▸ **Directions for this task**: Find the line with "- Click Distribute" in the entries below, then reproduce it and every line after it down to and including the line with "physics issue here..", exactly.

▸ **Records provided**:

____________________

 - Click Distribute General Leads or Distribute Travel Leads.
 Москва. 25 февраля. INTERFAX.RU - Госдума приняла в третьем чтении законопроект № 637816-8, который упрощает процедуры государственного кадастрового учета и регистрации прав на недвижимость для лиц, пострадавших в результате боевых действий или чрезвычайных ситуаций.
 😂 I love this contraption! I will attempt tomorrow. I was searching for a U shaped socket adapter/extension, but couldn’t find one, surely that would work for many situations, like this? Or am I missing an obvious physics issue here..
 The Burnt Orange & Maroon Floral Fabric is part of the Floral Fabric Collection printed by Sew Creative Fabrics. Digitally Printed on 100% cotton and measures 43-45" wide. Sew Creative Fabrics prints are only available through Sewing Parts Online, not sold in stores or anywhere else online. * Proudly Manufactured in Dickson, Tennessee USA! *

____________________

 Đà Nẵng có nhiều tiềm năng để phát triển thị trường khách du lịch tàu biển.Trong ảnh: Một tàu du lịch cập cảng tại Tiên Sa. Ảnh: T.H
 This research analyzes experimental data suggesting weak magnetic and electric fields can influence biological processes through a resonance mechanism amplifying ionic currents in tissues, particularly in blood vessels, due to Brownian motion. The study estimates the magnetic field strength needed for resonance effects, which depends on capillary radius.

____________________

▸ **Task answer**:
 - Click Distribute General Leads or Distribute Travel Leads.
 Москва. 25 февраля. INTERFAX.RU - Госдума приняла в третьем чтении законопроект № 637816-8, который упрощает процедуры государственного кадастрового учета и регистрации прав на недвижимость для лиц, пострадавших в результате боевых действий или чрезвычайных ситуаций.
 😂 I love this contraption! I will attempt tomorrow. I was searching for a U shaped socket adapter/extension, but couldn’t find one, surely that would work for many situations, like this? Or am I missing an obvious physics issue here..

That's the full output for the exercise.